Horizons seems geared toward younger kids and is supposedly "less nice" than typical Vacation Club properties, such as no jacuzzi tub, slightly smaller, etc.  But, it gets rave reviews. I have seen floorplans and would prefer it with small kids because I don't like when my kids are in a bedroom that is also a lock-out with another door, across the kitchen and living area from my sleeping area.

Cypress Harbour also gets consistently rave reviews. It looks beautiful and relaxing.

All 3 of the Orlando Marriotts you mentioned are in approx. the same area.  I think they are in good locations for getting to Orlando attractions, although I do miss staying on site a bit...


----------



## Detailor (Apr 13, 2007)

We've stayed at Vistana Resort twice, Cypress Harbour once and Grande Vista twice (with last visit in March '07) over the past ten years.  While I think that Vistana is a very nice resort, CH and GV are excellent resorts.  IMO, the Marriott's have more luxurious units, and equal, if not better, resort amenities and activities.  I find the Marriotts more relaxing with the feeling of a slower pace than Vistana.  Some of that is probably resort layout, but some is probably just a state of mind.
I think that you're right about Vistana's location and its convenience to Disney. The Marriotts are 3 to 5 miles from Vistana near Sea World and not inconvenient to the Downtown Disney area.  They're 15 to 20 minutes from the Disney parks (maybe a few minutes longer from Animal Kingdom).

Dick Taylor


----------



## susiequeve (Apr 13, 2007)

I'll give the nod to Cypress Harbour for all of the above reasons and because I own there and absolutely love the resort.  Very relaxing atmosphere, great pools (one heated), nightly entertainment, approx 8 miles to Disney, close to Sea World, convenient to International Drive.  We leave in three weeks and can't wait to return.


----------



## rickandcindy23 (Apr 13, 2007)

We stayed at Fountains in January of 2004 with our daughter, son-in-law, and son.  We were all disappointed in the place.  The furniture was all the same as our last stay there in 1999 (you know the stuff, the goldish sofa and light wood cabinet with the 19" television in the living room) and was horribly stained.  The cabinets were beaten up, the carpet stained, the counters damaged, etc.  We won't go to Vistana again; however, we will go to Vistana Villages.    The newer, the better.  

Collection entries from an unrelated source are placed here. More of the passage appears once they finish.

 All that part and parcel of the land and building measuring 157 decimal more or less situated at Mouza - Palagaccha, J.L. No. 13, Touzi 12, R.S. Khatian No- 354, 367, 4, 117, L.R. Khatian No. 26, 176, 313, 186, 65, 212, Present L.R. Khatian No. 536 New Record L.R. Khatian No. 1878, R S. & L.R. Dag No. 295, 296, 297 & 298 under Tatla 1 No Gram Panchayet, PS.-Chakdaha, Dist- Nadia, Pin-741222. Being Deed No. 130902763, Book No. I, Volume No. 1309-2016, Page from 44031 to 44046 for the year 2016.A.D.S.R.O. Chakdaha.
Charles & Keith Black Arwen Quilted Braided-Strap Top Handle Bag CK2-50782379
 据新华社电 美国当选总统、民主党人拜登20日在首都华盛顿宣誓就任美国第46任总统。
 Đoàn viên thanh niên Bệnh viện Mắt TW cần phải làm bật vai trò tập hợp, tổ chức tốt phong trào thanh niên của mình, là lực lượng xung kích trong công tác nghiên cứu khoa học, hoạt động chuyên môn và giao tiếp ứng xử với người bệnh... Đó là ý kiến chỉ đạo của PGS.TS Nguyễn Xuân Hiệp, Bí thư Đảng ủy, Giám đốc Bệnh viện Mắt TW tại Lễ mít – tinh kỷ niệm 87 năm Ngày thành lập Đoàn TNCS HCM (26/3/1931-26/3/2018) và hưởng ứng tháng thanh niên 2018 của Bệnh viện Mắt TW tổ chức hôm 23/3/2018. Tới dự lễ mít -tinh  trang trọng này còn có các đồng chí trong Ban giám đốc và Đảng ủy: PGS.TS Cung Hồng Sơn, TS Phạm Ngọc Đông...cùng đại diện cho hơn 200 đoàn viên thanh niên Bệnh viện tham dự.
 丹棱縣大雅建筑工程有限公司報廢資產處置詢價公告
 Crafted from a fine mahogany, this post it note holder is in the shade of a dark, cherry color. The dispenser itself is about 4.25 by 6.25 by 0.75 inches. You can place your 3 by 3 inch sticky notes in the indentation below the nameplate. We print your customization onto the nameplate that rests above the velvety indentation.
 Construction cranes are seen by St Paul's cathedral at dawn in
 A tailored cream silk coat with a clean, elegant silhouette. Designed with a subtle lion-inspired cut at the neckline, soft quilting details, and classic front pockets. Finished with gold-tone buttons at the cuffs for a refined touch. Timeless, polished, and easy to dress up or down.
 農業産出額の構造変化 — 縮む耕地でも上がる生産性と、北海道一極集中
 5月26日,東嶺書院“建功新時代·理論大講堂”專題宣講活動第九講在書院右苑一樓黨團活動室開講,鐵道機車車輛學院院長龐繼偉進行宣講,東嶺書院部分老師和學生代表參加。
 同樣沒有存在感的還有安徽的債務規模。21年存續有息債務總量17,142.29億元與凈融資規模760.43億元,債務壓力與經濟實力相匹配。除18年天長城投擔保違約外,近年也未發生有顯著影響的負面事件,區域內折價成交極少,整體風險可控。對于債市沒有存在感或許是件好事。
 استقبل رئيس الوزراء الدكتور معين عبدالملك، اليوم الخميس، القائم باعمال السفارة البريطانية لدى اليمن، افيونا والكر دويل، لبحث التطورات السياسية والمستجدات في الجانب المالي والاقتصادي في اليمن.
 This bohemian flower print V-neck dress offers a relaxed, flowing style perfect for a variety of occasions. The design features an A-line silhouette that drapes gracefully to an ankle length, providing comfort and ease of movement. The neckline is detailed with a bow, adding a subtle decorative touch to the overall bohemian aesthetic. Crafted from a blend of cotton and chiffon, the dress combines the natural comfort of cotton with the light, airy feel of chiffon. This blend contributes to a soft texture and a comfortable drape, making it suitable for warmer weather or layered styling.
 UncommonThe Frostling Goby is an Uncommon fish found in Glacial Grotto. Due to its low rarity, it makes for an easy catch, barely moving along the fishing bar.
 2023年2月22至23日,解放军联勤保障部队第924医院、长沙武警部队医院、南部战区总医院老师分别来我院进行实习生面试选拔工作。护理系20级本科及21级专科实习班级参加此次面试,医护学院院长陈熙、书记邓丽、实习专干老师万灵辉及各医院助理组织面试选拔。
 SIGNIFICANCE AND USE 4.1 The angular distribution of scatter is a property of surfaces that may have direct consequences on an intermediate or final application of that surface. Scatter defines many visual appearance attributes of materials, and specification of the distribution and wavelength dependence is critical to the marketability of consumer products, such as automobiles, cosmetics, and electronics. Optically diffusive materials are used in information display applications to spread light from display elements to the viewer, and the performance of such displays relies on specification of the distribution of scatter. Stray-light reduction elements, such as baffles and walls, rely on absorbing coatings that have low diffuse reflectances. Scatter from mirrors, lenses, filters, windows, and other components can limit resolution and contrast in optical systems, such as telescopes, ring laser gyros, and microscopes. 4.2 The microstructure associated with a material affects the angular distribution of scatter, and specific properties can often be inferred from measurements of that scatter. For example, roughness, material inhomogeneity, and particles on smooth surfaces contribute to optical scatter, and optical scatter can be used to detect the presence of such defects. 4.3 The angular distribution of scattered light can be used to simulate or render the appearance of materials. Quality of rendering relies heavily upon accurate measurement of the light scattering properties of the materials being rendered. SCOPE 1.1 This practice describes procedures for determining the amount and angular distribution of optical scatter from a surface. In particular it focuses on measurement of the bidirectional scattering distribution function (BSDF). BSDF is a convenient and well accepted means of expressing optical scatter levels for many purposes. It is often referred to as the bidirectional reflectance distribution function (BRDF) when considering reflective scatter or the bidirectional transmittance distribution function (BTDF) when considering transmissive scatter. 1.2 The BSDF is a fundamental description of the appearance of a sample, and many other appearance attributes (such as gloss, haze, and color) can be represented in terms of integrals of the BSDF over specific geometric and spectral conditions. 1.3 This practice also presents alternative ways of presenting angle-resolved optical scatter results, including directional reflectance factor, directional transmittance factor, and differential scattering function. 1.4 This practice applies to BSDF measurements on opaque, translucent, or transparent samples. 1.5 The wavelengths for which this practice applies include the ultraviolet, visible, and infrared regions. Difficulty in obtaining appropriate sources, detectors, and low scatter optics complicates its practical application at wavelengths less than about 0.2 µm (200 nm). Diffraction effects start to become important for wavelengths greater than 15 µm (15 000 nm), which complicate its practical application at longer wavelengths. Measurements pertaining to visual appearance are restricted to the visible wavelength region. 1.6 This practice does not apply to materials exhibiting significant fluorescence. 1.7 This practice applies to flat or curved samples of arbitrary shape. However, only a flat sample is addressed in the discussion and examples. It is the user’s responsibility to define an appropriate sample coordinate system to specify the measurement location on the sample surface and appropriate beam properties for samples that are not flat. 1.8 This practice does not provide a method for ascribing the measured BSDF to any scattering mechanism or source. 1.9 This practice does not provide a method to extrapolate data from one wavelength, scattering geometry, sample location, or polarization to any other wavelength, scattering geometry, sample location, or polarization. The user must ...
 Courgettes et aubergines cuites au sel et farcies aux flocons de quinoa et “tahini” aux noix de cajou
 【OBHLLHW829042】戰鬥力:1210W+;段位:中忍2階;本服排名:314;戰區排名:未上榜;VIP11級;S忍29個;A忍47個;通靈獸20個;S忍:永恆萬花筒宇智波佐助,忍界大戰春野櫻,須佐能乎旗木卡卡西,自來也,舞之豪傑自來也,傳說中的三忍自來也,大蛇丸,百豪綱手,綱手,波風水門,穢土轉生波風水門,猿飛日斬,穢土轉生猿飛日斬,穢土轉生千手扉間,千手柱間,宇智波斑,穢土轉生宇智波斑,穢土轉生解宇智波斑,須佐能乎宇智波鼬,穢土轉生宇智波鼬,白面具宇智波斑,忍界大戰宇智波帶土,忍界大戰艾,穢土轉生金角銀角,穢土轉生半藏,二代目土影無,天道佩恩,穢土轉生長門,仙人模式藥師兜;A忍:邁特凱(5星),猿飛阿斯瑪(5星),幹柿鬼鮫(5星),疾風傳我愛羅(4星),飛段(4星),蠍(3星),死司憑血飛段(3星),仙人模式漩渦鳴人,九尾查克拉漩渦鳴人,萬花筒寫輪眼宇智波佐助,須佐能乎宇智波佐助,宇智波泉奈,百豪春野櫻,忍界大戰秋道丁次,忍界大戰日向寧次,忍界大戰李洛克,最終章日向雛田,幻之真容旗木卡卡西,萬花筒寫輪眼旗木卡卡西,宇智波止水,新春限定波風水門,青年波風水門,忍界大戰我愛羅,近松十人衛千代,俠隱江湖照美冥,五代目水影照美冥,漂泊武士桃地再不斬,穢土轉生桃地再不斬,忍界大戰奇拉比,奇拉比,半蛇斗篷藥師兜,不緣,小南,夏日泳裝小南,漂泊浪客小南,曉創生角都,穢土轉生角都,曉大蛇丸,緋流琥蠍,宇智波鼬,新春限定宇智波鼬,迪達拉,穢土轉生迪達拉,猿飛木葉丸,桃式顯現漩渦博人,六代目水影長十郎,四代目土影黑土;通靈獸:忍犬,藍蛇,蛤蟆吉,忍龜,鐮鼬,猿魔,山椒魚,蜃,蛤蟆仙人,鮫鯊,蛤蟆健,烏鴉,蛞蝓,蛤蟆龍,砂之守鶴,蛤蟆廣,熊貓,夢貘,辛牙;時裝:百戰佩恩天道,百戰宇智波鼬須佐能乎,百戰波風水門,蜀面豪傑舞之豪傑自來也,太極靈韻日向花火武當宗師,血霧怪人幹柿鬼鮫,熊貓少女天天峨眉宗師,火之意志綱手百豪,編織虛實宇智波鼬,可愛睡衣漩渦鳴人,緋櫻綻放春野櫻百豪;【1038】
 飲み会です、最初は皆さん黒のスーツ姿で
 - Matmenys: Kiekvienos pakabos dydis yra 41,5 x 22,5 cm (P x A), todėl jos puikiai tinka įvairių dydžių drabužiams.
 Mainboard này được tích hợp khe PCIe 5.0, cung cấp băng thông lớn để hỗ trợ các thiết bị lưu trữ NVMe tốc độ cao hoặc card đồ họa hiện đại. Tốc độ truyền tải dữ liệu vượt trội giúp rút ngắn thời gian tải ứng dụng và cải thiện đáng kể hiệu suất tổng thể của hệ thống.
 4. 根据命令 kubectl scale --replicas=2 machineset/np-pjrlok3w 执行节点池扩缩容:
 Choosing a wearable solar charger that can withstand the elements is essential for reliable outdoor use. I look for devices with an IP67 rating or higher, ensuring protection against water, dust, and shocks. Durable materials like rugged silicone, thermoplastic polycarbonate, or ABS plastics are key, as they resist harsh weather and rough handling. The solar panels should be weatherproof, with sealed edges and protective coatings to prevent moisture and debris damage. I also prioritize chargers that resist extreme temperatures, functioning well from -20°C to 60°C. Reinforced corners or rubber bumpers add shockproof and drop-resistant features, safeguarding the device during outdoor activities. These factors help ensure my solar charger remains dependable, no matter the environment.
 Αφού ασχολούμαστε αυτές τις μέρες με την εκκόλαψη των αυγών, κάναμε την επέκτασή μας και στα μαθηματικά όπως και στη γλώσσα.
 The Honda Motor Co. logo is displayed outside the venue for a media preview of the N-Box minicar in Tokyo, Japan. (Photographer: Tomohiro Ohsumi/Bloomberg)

Cypress Harbour is one of our all-time favorite Orlando resorts.  We have stayed there more than any other.  Grande Vista is great and we toured Horizons, which is nice, but Cypress Harbour is the best Marriott in Orlando!  We love the white sand, the pools, the grounds.  Added bonus, they are updating the units, too.  We love the lanais!  The beds are always comfy, the bathtub is fabulous.  I miss Orlando!


----------



## sandcastles (Apr 13, 2007)

I agree with Cindy.  I will never stay at Vistana again.  It was not very clean and had a terrible greasy smell.  When I complained, they did come in and shampoo the carpets which helped a little but not much.  The washer was not working and when they came to fix it they didn't know how.   

My favorite off site is also Marriotts Cypress Harbour.  I like Grande Vista too and I have never stayed at Horizons.  We are staying at Vistana Villages in November, putting it together with Disney's Boardwalk.

I also like HGVC at SeaWorld.


----------



## hopetotimeshare (Apr 13, 2007)

We are new Vistana owners and recently stayed in the Lakes section where we own and it was perfect for us.  Our unit was *clean*, spacious and aside from the pink and green (which I found to be tropical) the decor was not that bad.  The resort was great as far as family fun!  They have restaurants, hair wrapping, a "kids mall" where everything is under $5.00, pool tables, basketball, tennis courts, LOTS of amenities.  

Although the resort is very large, there were 2 pools and 2 activity centers right outside our door.  It was nice to sit on the screened balcony that overlooked a little lake and the pool.  There are also daily/nightly events planned.  And I had a great massage on Valentines Day!  We wished we had more time to spend at the resort.  I can't speak for any section other than the interior of our unit.  Another plus was there is a 711, Walgreens and Bennigans at the entrance to the resort, it was very convenient to everything. 

We stayed in Cypress Harbor in 1996 and found it to be lovely as well but that was on our honeymoon so I can't say for sure if its kid friendly.  Whatever your choice, I wish you a great trip!


----------



## rickandcindy23 (Apr 13, 2007)

Hopetotimeshare, you stayed in a newer unit that you bought.   Did you see the older parts of the resort while you were there?  What did you think of those?  The lower buildings are a completely different experience than the beautiful high-rises.  I want a guarantee that I can trade into one of those, otherwise, I will avoid it.  Fountains cannot be described as particularly spacious.  The living area was pretty small.  The television was tiny.  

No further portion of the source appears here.